Federal low income home loans and programs can help those that cannot afford a traditional mortgage an opportunity to be a homeowner. There is the perception that owning your house is better than renting. With most mortgage lenders, you are made to believe that renting is a waste of money. It is true that owning your house can make you feel safe and you will have something to leave behind for your children; however, you need to think carefully before you decide if getting a loan to buy a house is a wise move for you and your family. The federal government has a scheme called the federal low income home loans. You might think that this is free money but you will be mistaken. In an effort to stimulate the economy, the US government has been encouraging people to invest in homes. That is because buying a house means spending money in various sectors of the economy.
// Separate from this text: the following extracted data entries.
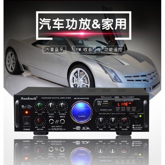 Sunbuck TAV-339BT美規藍牙大功率音箱功放器110V12V車載藍芽卡拉OK功放機家用聲音放大器商用擴大器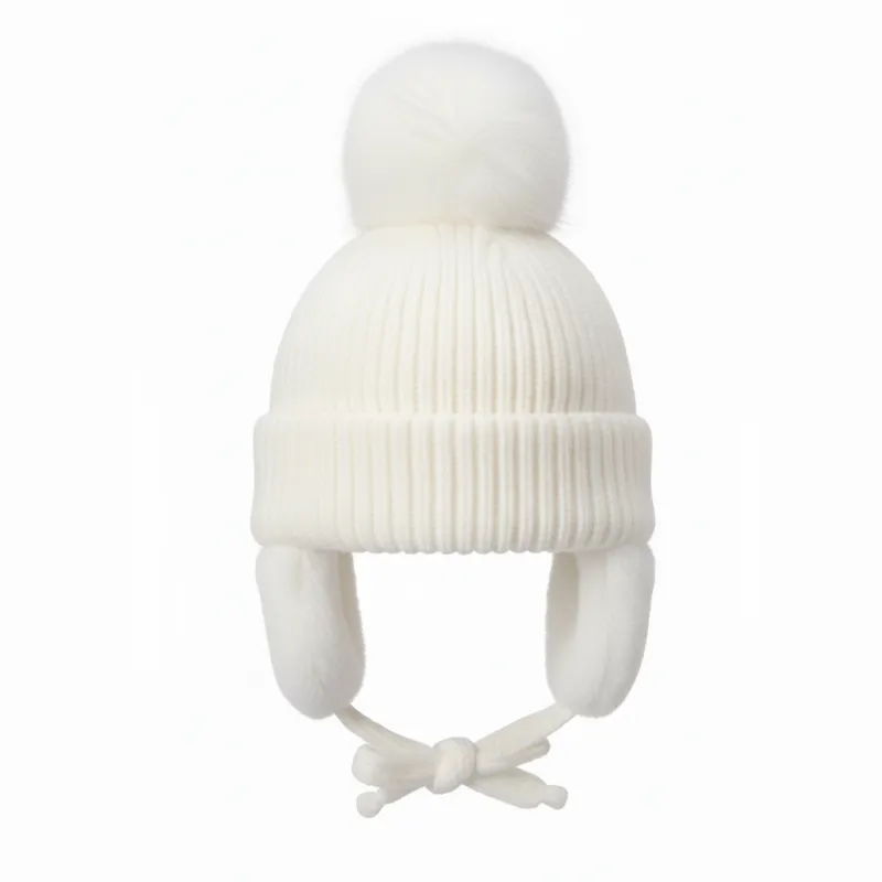 Stickad vintermössa med öronlappar och tofs för barn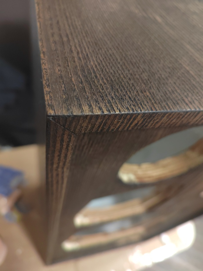 С учётом первого в жизни опыта работы со шпоном углы получились не плохо, ничего не отклеилось в процессе работы.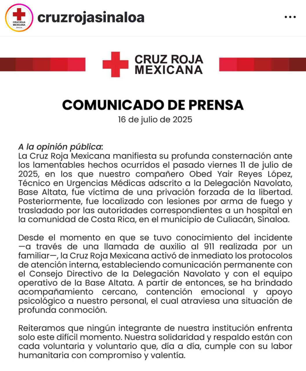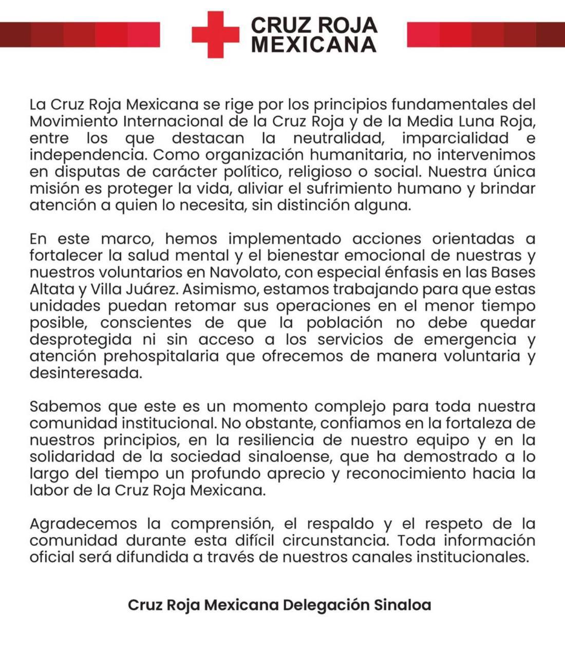 ”Sabemos que este es un momento complejo para toda nuestra comunidad institucional. No obstante, confiamos en la fortaleza de nuestros principios, en la resiliencia de nuestro equipo y en la solidaridad de la sociedad sinaloense, que ha demostrado a lo largo del tiempo un profundo aprecio y reconocimiento hacia la labor de la Cruz Roja Mexicana”.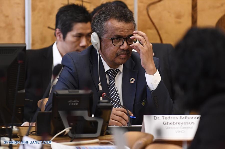 GINEBRA, mayo 22, 2018 (Xinhua) -- El director general de la Organización Mundial de Salud (OMS), Tedros Adhanom Ghebreyesus (c), asiste al evento "Esfuerzos dirigidos por los países para eliminar la malaria y lograr la cobertura médica universal" realizado en el Palais des Nationes, en Ginebra, Suiza, el 22 de mayo de 2018. China está a punto de eliminar la malaria, indicó el martes una importante funcionaria china de salud en una reunión al margen de la Asamblea Mundial de Salud (AMS) en la que Beijing fue elogiado por sus esfuerzos para ayudar a otros países a combatir la enfermedad letal. (Xinhua/Alain Grosclaude)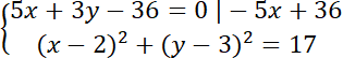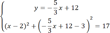 Najpierw wyznacz punkty wspólne prostej z okręgiem: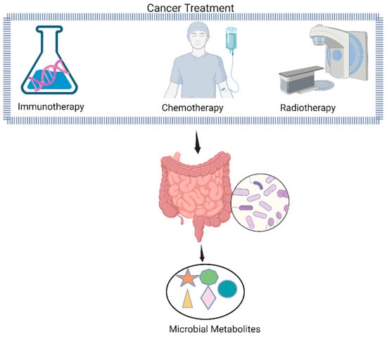 Over the past century, tremendous progress has been made in cancer treatment, resulting in improved quality of life and survival for cancer patients. However, these advances in cancer treatment are often accompanied by treatment-related complications, including secondary systemic side effects. Recently, there has been increasing evidence that cancer treatments can disrupt the host immune response, leading to gut dysbiosis, disturbed immune system, and reduced effectiveness of the treatment [,]. Several studies have shown that the absence of gut microbiota reduces therapeutic efficacy, suggesting that commensal microbes modulate treatment-induced anticancer immune responses through various mechanisms. Ground-breaking results from animal models demonstrated the importance of commensals in regulating the effectiveness of radiation therapy, chemotherapy, and immunotherapy drugs [,,]. For example, the intestinal microbiota and the myeloid cells that infiltrate tumors while a patient is receiving platinum-based therapy have been linked together []. The current understanding of the relationships among gut bacteria, host reactions, and anticancer medication was analyzed by Huang et al. in 2022 [], with an emphasis on the immunomodulatory function of microbiota, which supports the effectiveness of immune checkpoint inhibitors. Importantly, this work focuses on the intricate and dynamic relationships between the microbiota and anticancer drugs, as well as the possibility for microbiome-based therapies to potentially enhance the effectiveness of cancer treatment. Huang and colleagues discovered that the gut microbiota affects the pharmacokinetics and pharmacodynamics of anticancer drugs. Furthermore, their work emphasizes the possibility of using microbiota-based therapies, such as probiotics or fecal microbiota transplantation, to increase the efficacy and decrease the toxicity of anticancer medications, as well as the response to immunotherapy. Additionally, anticancer medication response and individualized cancer treatment may be predicted using microbiota-based biomarkers. Nevertheless, additional systematic studies are required in order to completely comprehend the complex connections between the microbiota and anticancer therapies and determine the best methods for modifying the microbiota in order to improve cancer treatment outcomes.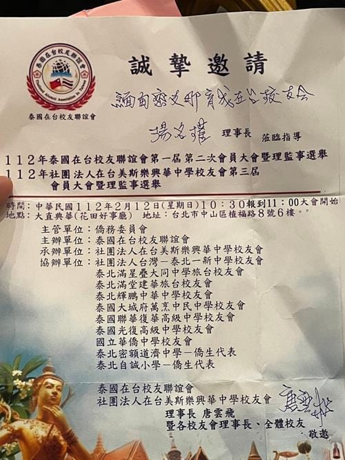 112年泰國在台校友聯誼會第一屆第二次會員大會暨理監事選舉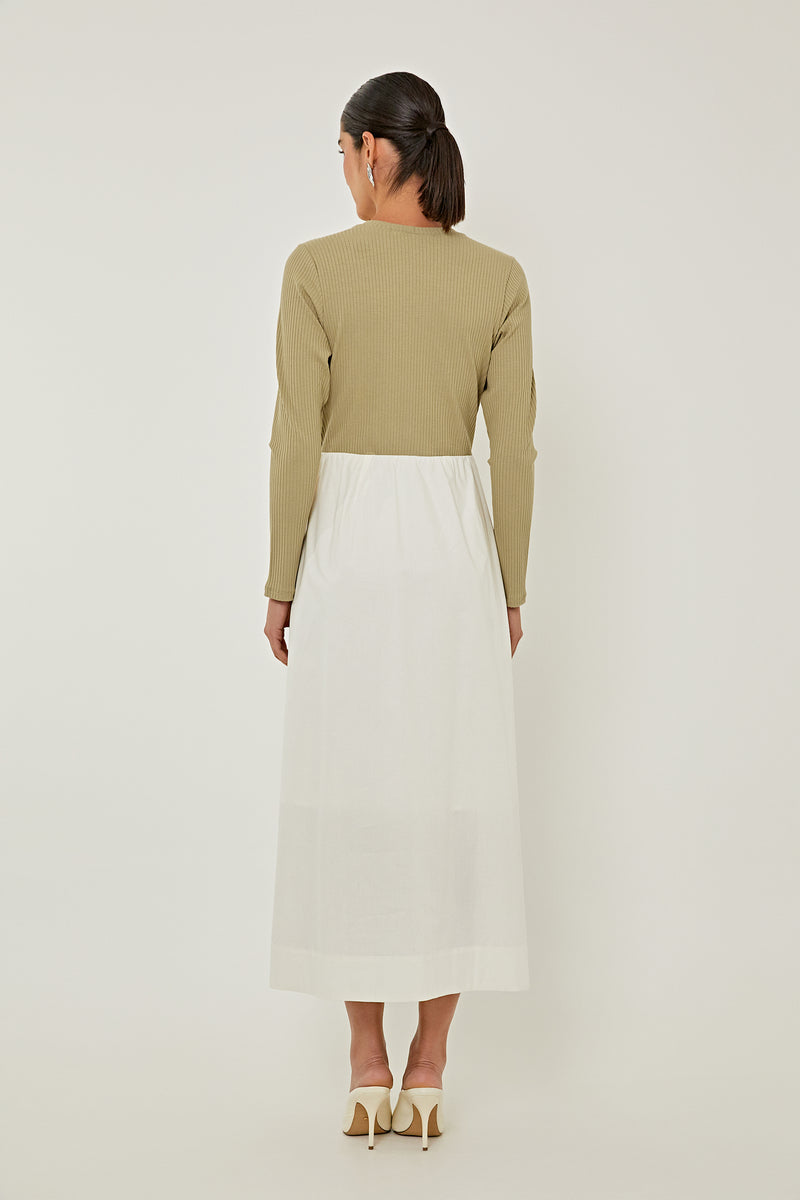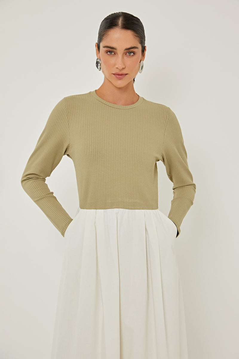 Vestido Heart confeccionado em malha canelada e tricoline, disponível em duas opções de cores, caqui com off white e preto com off white. Modelagem slim, decote redondo, manga longa, saia tricoline com modelagem evazê, bolsos laterais e barra simples. Coleção: Ser Linda.

Interest Rates – Credit Scores
Being a low income family doesn’t mean you will not be able to get loans to enter the mortgage market. However, a lot will depend on your current salary, your credit rating, the current interest rate and also the amount of down payment you will be able to make. The federal government low income home loans are a way to get money from banks with government guarantees. The most important thing for everyone interested in owning a home is to make sure you understand a simple fact, how much can you afford? This is an important question because you might end up buying a house you cannot afford and finally losing your house and ending up with the very bad credit rating. The easy way to calculate how much you can spend on a house is adding up all your gross income and subtracting all your monthly expenditures.
Looking at Numbers
Before you start doing anything, you will do well to go to the ginniemae.gov website. This website is very convenient and will allow those interested in low income home loans to get an overview of how much they can afford. The site is quite intuitive and it allows you to add your yearly income, your monthly credit card payments, car payments, and other monthly obligations you might have. For example, if you earn $30,000 per year, the above-mentioned site will give you an estimate of $95,000 as the amount of loan you may receive towards buying a home. This will leave you with a monthly mortgage of $700 that will be spread over the course of many years. This will also take into consideration the down payment of $3000 and other legal extra charges that will go into processing your home loans. FHA, USDA, and some others are good places to start.
When you take a look at the simplified overview above, you will realize that the federal low income home loans don’t guarantee that you will be able to afford the home of your dreams. Nevertheless, for those willing to take the risk, looking into this federal government low income home loans initiative can be worth doing.